Plus précisément, 500 personnes ont été forcées de s'absenter du travail en raison de la COVID-19, souligne-t-il. Pour compenser, les heures supplémentaires des policiers ont augmenté de 29 % au premier trimestre de cette année par rapport à l'année dernière, indique un rapport.

De plus, sur les trois premiers mois de l’année 2022, la police a encadré pas moins de 53 événements spéciaux, comme des manifestations et des rassemblements. En comparaison, seulement 72 événements sur l’ensemble de l’année dernière ont été enregistrés dans le centre-ville de Winnipeg.

Selon le chef de police, les enquêtes pour meurtre ont un effet domino sur les ressources du Service.

« Ce n'est pas seulement l'unité des homicides qui est appelée. C'est l'unité médico-légale. Ce sont nos unités de première ligne qui sont souvent les premières là-bas. Cela a un impact sur la capacité de répondre aux appels et cela crée une file d'attente. »

— Une citation de  Danny Smyth, chef de la police de Winnipeg

Pour ne rien arranger à la situation, les dernières données publiques sur la criminalité de février montrent que les crimes violents ont augmenté de 21 % par rapport au même mois de l'année dernière.

Danny Smyth souligne qu'il n'est pas satisfait de cette tendance. Même si la ville connaît une augmentation des crimes violents en ce moment, Winnipeg est toujours une ville sûre, soutient le chef de la police.

Le président du syndicat beaucoup plus critique

Le président de l'Association des policiers de Winnipeg, Moe Sabourin, souligne que les policiers sont tellement épuisés qu'ils refusent les heures supplémentaires.
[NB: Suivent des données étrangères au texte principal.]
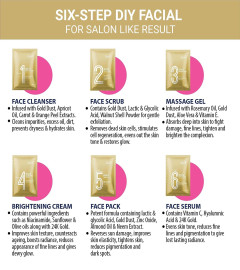 Step Single Use Gold Facial Kit for Radiant, Glowing Skin; Gives Salon Like Results! Boosts skin radiance Enhances elasticity Reduces pigmentation and lightens skin Fights sun damage Infused with potent, natural ingredients; 100% vegan and cruelty free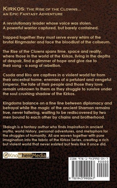A revolutionary leader whose voice was stolen. A powerful warrior captured, but barely contained. Trapped together they must serve every whim of the brutal Ringmaster and face the bloodlust of the coliseum. The Rise of the Clowns spans time, space and reality, where those in the world of the Kirkos, living in the depths of despair, find a glimmer of hope and give rise to their song - a song of rebellion. Csoda and Biro are captives in a violent world far from their ancestral home, enemies of a petulant and vengeful Emperor. The fate of their people and those they love remain unknown to them as they struggle to survive under the soul crushing shadow of the Kirkos. Kingdoms balance on a fine line between diplomacy and betrayal while the magic of the ancient Shaman remains true, never faltering, waiting to be rediscovered by two men bound to each other by chains and brotherhood. The Rise of the Clowns blends myth and legend, action and adventure, magic and the power of the human spirit, for a thrilling fantasy ride like no other.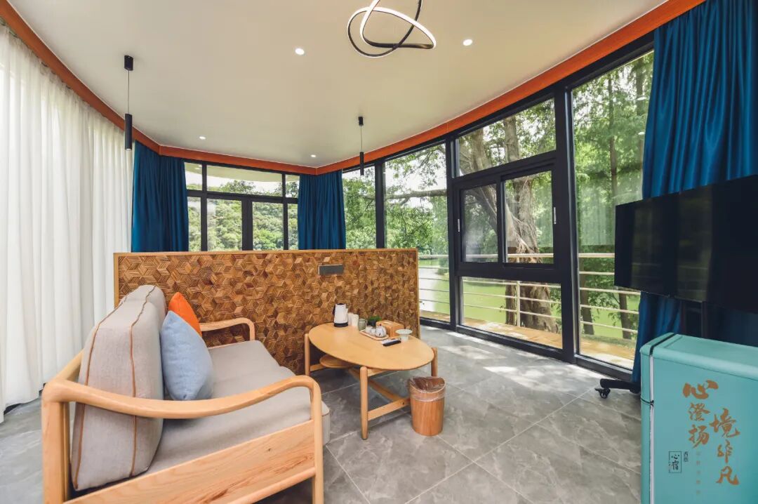郁郁葱葱的苗圃园,静谧幽深的东天湖,设计巧妙的民宿建筑,这一切所呈现的视觉效果与氛围,总能让人心绪宁静。 在湖光山色中给心灵来场悠闲度假!目前,心宿已开放9间设计风格令人眼前一亮的独栋客房,分为玲珑房和船坞两大类型。高山森林、球形木屋……小住一晚,别有一番结庐隐居的意境。 玲珑房 船坞房 山中的岁月总是很慢,在心宿,你可以在大草坪上肆意奔跑,又或静坐于某个角落享一杯清茗,日赏山林夜观星辰,好不痛快…… 入住指南 地址:广东省佛山市南海区西樵镇西樵山风景名胜区内 订房热线:0757-66600011、13929927603(或识别下方二维码添加客服微信即可详询、预约) 住进山舍、住进国家森林公园,每一扇窗外都是小清新的樵山胜景~ 入住指南 地址:广东省佛山市南海区西樵镇西樵山风景名胜区内 订房热线:0757-86822228、18902898886(或识别下方二维码添加客服微信即可详询、预约) 翌日醒来,还能到南海湾森林生态园徒步休闲,挑战火爆全网的溯溪运动! 入住指南 地址:广东省佛山市南海区西樵镇庆云大道 订房热线:18128766408 、13380275202(或识别下方二维码即可订房) 烟火气十足,特色摊位云集的观心生活π集市,即日起至2023年2月5日在观心小镇开市。 丰盛的酒店自助餐出品,能让你品尝到各式中西风味 酒店自助餐逢周五、周六及节假日开餐,时间:18:00-21:00,须至少提前一天预订(0757-86823688)。 入住指南 地址:广东省佛山市南海区西樵镇锦湖大道2号 订房热线:0757-86823688(或识别下方二维码即可订房) 观心小镇内还有一家私藏级的度假美宿——观心生活馆,是小镇重磅打造的养生文化体验馆,有着大隐于市的精致感。 这里有极具设计感的复式套房,公共区域、私密区域互不干扰,是三五知己出游度假的不二之选。 房间还拥有公寓式配套,入住充满着家的气息。 入住指南 地址:广东省佛山市南海区西樵镇锦湖大道2号6号楼 订房热线:13392233115 传统的建筑 与自然的风景相互映衬 可远眺山景 近触园林的西樵山大酒店 “十年,遇见你,遇见大地艺术”H5已上线,除了抽奖送微信红包、西樵山门票、线下粉丝活动外,还可以查看艺术节资讯、周边吃喝玩乐攻略等,带你一站式玩转艺术节!心宿泳池【扑通】。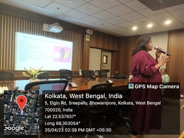 Dr. Agarwal started off with the evolution of the communication process and stressed on how the behaviour and tonal quality plays a crucial role in setting the mood of the conversation. She presented a video that highlighted the importance of proper gestures and eye-hand coordination as key elements in any discourse. The session involved a fun activity that aimed to promote teamwork and active listening skills among students.

Le Service a déclaré avoir appelé des agents pendant leurs jours de congé 433 fois au cours des trois premiers mois de 2022, souligne le président du syndicat. La moyenne sur cinq ans avant la COVID-19 était de 222 appels.

Moe Sabourin répond aux questions des journalistes à l'hôtel de ville de Winnipeg, le 3 juin 2022.

Le président de l'Association des policiers de Winnipeg, Moe Sabourin, dit que le chef de police n'obtient pas la note de passage pour son leadership à l'heure actuelle.

Photo : Radio-Canada / Warren Kay

Pour Moe Sabourin, les policiers passent d’un appel d’urgence à l'autre. Il n'y a pas de police proactive. C'est strictement une réponse... Je souhaiterais que le Service rende compte avec précision de tous les incidents qui se produisent parce que c'est effrayant. Je ne laisserais pas mes enfants venir au centre-ville, déclare-t-il.

«  Si j'étais le directeur général d'une équipe sportive performante et que l'équipe n'allait pas bien, vous changeriez probablement d'entraîneur. »

— Une citation de  Moe Sabourin, président de l'Association des policiers de Winnipeg

Cette augmentation des heures supplémentaires touche également le budget de Winnipeg puisque le Service de police représente près du tiers des coûts totaux de la Ville.

Le président du conseil de police a déclaré que l'organisation ne pouvait pas donner son avis sur les heures supplémentaires pour le moment.

Ce n’est pas un service qui peut s’arrêter une fois que le budget qui lui est alloué est épuisé, souligne le conseiller de Saint-Norbert-Seine River, Markus Chambers.

Nous devons travailler sur ce budget et nous assurer que nous fournissons un service adéquat et efficace 365 jours par an, a-t-il ajouté.

Markus Chambers sait que la perception d'être une ville dangereuse nuit à Winnipeg, qui tente de rebondir après la pandémie de COVID-19.

Nous devons travailler ensemble et en collaboration pour assurer que nous pouvons commencer à réduire ces chiffres et ces tendances, sans l'impact sur les heures supplémentaires que nous constatons actuellement, a-t-il déclaré.